The Struggle to Deal with Despair
The old man and older waiter in “A Clean, Well-Lighted Place” struggle to find a way to deal with their despair, but even their best method simply subdues the despair rather than cures it. The old man has tried to stave off despair in several unsuccessful ways. We learn that he has money, but money has not helped. We learn that he was once married, but he no longer has a wife. We also learn that he has unsuccessfully tried to commit suicide in a desperate attempt to quell the despair for good. The only way the old man can deal with his despair now is to sit for hours in a clean, well-lit café.

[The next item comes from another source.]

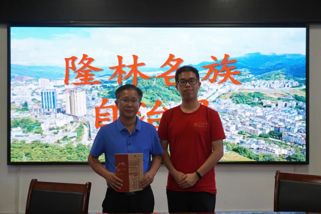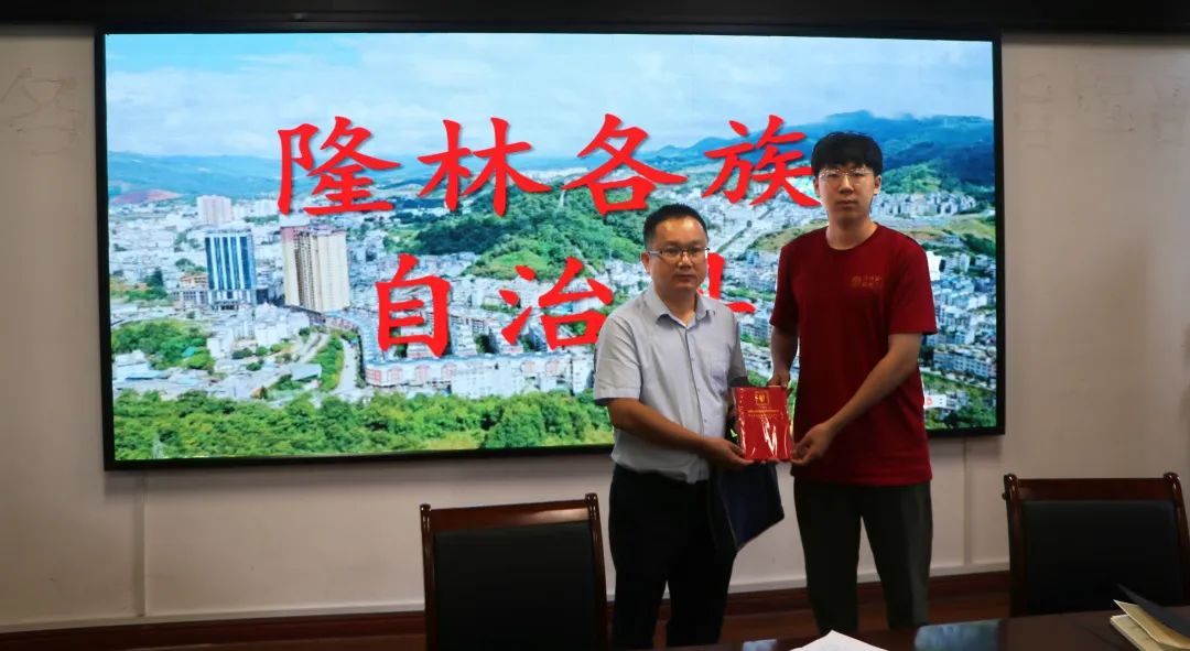 ▲郝浩宇向隆林各族自治县水利局党组书记、局长刘杰赠送纪念品

Deaf, he can feel the quietness of the nighttime and the café, and although he is essentially in his own private world, sitting by himself in the café is not the same as being alone.
The older waiter, in his mocking prayers filled with the word nada, shows that religion is not a viable method of dealing with despair, and his solution is the same as the old man’s: he waits out the nighttime in cafés. He is particular about the type of café he likes: the café must be well lit and clean. Bars and bodegas, although many are open all night, do not lessen despair because they are not clean, and patrons often must stand at the bar rather than sit at a table. The old man and the older waiter also glean solace from routine. The ritualistic café-sitting and drinking help them deal with despair because it makes life predictable. Routine is something they can control and manage, unlike the vast nothingness that surrounds them.